Saturday, 28 January 2017

MongoDb Schema Design

MongoDB is NoSQL Open Source database. It's document based database.

Let's take an example to store cricket bat object:

Cricket bat table can have following columns:

category, model, name, brand, type, price, length, width, matrial_used etc.

The name of the column equals to the property of bat. Suppose, we have to store gloves. Then we have another table gloves

The gloves table can have following columns:
category, model, name, brand, price, length, width, matrial_used etc

If we want to find for which type of bats which gloves are suitable. We need to identify the relationship between this table. We can add bat_id in gloves table. So Now we have added reference key relationship. Each time, we have to find gloves for a bat, we have to take a Join. Joins are expensive operations.

To Avoid Joins we can duplicate data of gloves into bat column (demoralization), It leads to a nasty sparse table, Where many columns value potentially null.

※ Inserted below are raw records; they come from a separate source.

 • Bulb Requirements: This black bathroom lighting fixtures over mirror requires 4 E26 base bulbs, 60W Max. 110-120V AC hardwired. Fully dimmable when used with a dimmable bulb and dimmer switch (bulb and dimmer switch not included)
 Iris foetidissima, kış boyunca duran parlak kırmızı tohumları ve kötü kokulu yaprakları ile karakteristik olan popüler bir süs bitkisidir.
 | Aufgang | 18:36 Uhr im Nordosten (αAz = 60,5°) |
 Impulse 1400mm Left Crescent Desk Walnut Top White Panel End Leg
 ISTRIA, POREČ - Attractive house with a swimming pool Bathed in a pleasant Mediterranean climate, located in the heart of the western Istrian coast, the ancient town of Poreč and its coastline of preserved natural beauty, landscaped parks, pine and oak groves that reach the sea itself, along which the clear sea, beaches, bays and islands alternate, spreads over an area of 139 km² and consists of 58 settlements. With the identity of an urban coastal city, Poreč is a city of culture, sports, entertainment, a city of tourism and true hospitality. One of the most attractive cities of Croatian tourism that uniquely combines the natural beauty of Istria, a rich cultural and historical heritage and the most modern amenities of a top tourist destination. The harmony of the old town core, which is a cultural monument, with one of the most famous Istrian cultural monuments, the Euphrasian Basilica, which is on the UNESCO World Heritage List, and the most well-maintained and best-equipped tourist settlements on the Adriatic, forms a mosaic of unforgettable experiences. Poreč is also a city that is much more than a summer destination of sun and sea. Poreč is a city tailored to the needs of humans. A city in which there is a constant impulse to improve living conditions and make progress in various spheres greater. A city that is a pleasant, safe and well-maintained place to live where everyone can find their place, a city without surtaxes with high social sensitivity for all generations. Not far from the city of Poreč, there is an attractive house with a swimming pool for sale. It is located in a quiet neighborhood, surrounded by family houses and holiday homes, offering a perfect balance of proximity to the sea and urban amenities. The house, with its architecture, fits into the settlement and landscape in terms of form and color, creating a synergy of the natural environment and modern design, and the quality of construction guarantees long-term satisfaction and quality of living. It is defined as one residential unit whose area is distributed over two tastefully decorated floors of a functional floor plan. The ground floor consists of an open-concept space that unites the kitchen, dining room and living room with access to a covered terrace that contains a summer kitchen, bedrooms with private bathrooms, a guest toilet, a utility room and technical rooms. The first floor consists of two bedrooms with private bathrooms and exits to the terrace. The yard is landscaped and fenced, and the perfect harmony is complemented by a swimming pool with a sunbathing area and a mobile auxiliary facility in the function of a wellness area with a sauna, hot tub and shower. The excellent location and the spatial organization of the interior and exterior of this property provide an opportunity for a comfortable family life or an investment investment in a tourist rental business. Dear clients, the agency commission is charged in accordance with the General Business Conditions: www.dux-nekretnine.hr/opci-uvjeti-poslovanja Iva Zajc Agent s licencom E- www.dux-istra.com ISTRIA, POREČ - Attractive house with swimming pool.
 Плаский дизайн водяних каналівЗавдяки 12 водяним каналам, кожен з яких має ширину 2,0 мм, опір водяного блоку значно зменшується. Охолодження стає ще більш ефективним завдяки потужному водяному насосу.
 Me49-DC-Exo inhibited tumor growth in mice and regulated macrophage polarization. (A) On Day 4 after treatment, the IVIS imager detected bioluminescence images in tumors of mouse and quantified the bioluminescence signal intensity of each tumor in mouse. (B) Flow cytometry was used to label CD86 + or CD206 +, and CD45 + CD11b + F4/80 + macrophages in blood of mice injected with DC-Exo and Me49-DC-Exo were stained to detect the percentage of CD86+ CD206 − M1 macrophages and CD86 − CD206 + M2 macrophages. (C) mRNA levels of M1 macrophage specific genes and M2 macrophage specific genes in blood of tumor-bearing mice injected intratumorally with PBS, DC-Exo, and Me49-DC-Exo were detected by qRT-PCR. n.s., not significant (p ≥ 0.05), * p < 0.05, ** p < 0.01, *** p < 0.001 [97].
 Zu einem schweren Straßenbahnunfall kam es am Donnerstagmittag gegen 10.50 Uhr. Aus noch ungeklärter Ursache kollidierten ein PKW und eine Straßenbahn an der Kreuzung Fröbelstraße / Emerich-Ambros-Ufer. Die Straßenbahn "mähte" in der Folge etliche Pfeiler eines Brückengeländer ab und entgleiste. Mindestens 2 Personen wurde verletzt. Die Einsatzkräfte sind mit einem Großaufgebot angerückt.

There have to be better Solutions!

In a Document database, We can do as following:

Cricket_bat = {
                 category: "10KgBat",
                 model: "ImVirat",
                 name: "MRF",
                 .......,
                 gloves:{
                 category:"SoftFabric",
                 model:"Gloves012B",
                 name:"imVirat",
                 ...
            }
}

As we can store bat in form of document(JSON).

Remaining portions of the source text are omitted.